Google DeepMind Releases Gemini 2.5 Ultra — Tops Major Benchmarks
Gemini 2.5 Ultra achieves state-of-the-art scores on MMLU, HumanEval, and MATH benchmarks, with native audio and video understanding built in.
Google DeepMind released Gemini 2.5 Ultra, claiming state-of-the-art performance across a comprehensive suite of academic and real-world benchmarks. The model achieves top scores on MMLU (93.8%), HumanEval (91.2%), and MATH (94.5%), and demonstrates particularly strong performance on scientific reasoning tasks.
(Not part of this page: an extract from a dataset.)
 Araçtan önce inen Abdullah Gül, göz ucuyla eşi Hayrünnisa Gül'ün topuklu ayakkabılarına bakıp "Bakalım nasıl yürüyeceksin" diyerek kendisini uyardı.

Unlike its predecessors, Gemini 2.5 Ultra was built natively multimodal from the ground up — meaning audio, video, image, and text are processed through the same architecture rather than bolted together. This results in notably better cross-modal reasoning, such as answering questions about content in a video using information from an accompanying document.
Benchmark performance highlights
- —MMLU: 93.8% (new state-of-the-art at release)
- —HumanEval (code): 91.2%
- —MATH: 94.5%
- —GPQA Diamond (graduate-level science): 86.4%
- —Video-MME (video understanding): 84.1%
Gemini 2.5 Ultra is our most capable model yet, and the results on science and mathematics tasks show what is possible when multimodality is native rather than patched on. — Demis Hassabis, CEO Google DeepMind
The model is available via Google AI Studio and Vertex AI with a 1 million token context window. A 2 million token variant is in preview for enterprise customers.